The standard is very long. Is there a step by step guide on how to write it by hand?

As far as I understand IP-XACT, it focuses on CPU buses and register interfaces. Only a handful of our IP cores have such an interface. As it looks to me, we would have to define dozens of new interfaces for our cores, until we could start to describe them with IP-XACT. Using for example AXI for every IP connection - like Xilinx does - is no good hardware design. Yes it might be fast for a stupid drag-and-drop designer, but it creates a huge overhead. I remember such a discussion years ago for normal software development. Such tools fall into the category of "Rapid Application Development" or RAD. Have we heard of them in the last 10 years? No!

But if you like, we could discuss how you would package our IP cores with IP-XACT.

berndca commented 7 years ago

IPXACT is not an all or nothing proposition. You can use as much or as little as you NEED. For the purpose of IP discovery in your library I'm proposing to create a catalog. You can find the outline of the catalog schema at the beginning of chapter 11, pg. 171 of the spec. For each block in you library you create one catalog item consisting of vendor: VLSI-EDA, library: PoC, name: version: and description: . Thats it, just 4 tags below catalog for each IP block.

Paebbels commented 7 years ago

I'll look into that chapter.

Edit: Lol, an IP-XACT document can have different root elements? And they didn't apply the database normalization rules... What a XML nightmare...

olofk commented 7 years ago

I agree that we can't put restrictions on one project or directory per repo as has been shown by others already.

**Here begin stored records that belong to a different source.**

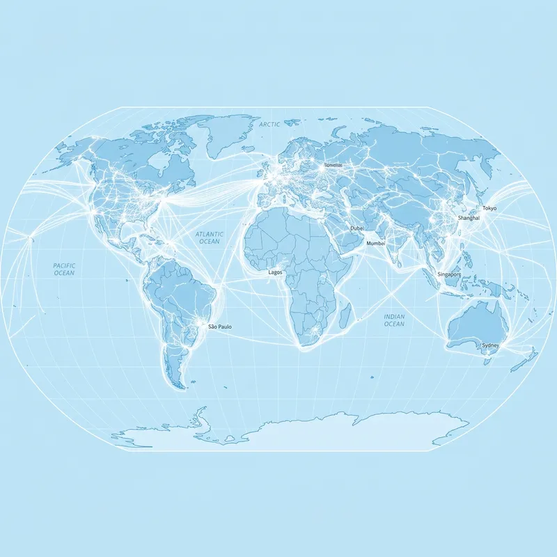 Create a light blue flat world map with an overlay of white infrastructure
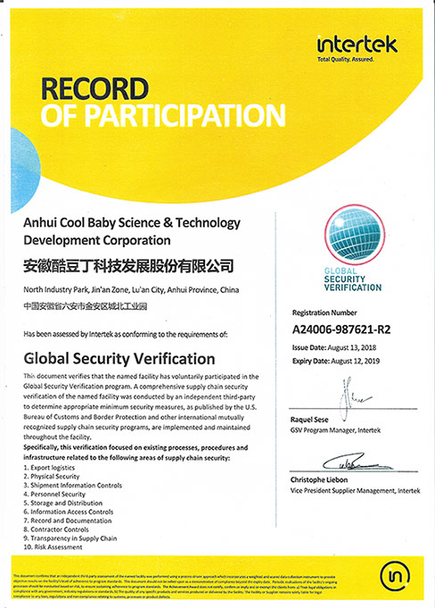 GSV美國(guó)反恐驗(yàn)廠通過證書
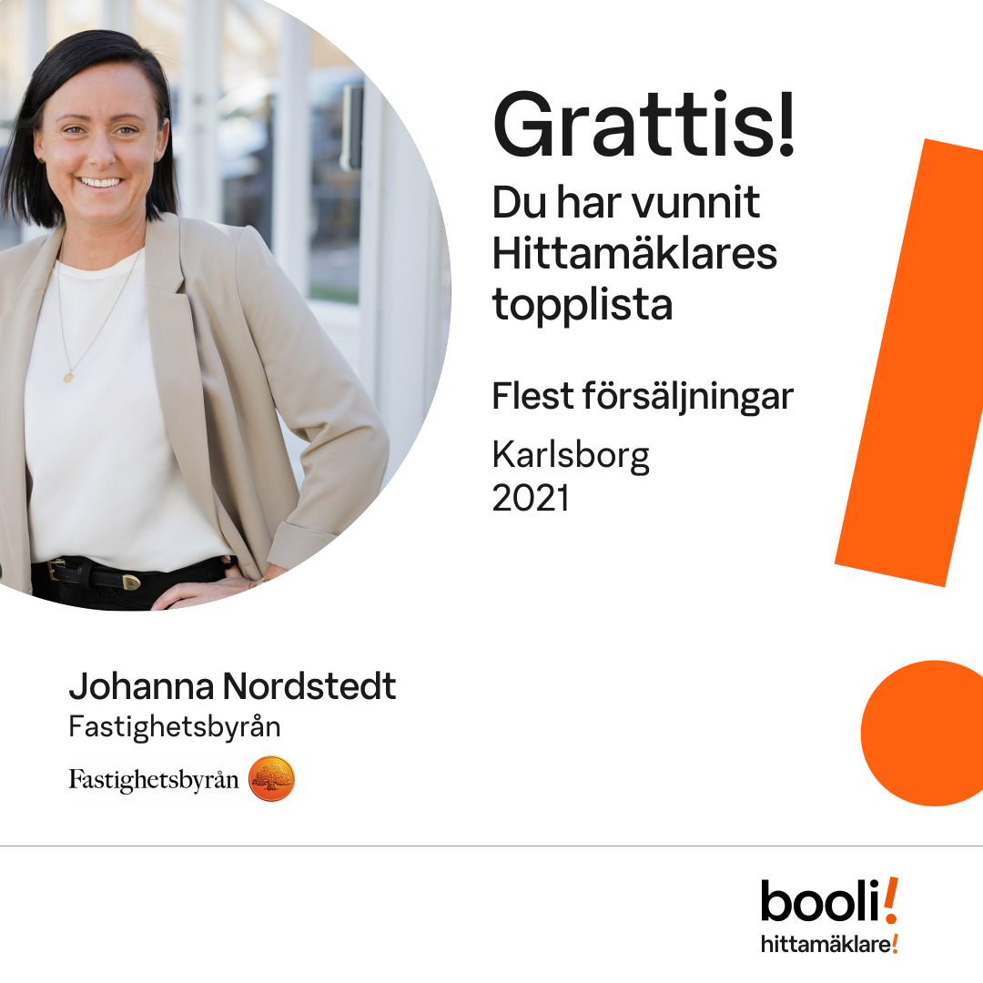 Statistik för publicerade bostäder, försäljningar och omdömen baseras på data från Booli och Hittamäklare. Statistiken för försäljningar avser inrapporterade och verifierade slutpriser från mäklare eller av Booli inhämtade och verifierade slutpriser. Statistiken för publicerade bostäder baseras på information som publicerats på Booli.se. Statistik för omdömen och rekommendationer baseras på omdömen från säljare som lämnats via Booli och Hittamäklare.

I also think that many pieces of HDL code is a very bad fit for IP-XACT. I've actually started working on an article about this, that I've been meaning to publish soon. As @berndca says however, you can use as little as you need. In FuseSoC I only use the FileSets part, and I recently changed to use full VLNV naming for all cores (even though you can still leave out the Vendor and Library fields for backwards compatibility). My ipyxact library (https://github.com/olofk/ipyxact) was created to scratch an itch that I had, and it basically only implements the parts I'm using myself right now.

For LibreCores we will not enforce IP-XACT, but from my own point of view I would encourage people to create models where it makes sense to do so. As we are likely to treat FuseSoC .core files as first class citizens, the IP-XACT files can then be picked up from the .core files

berndca commented 7 years ago

I have created an example for a sample catalog with two blocks from the PoC library.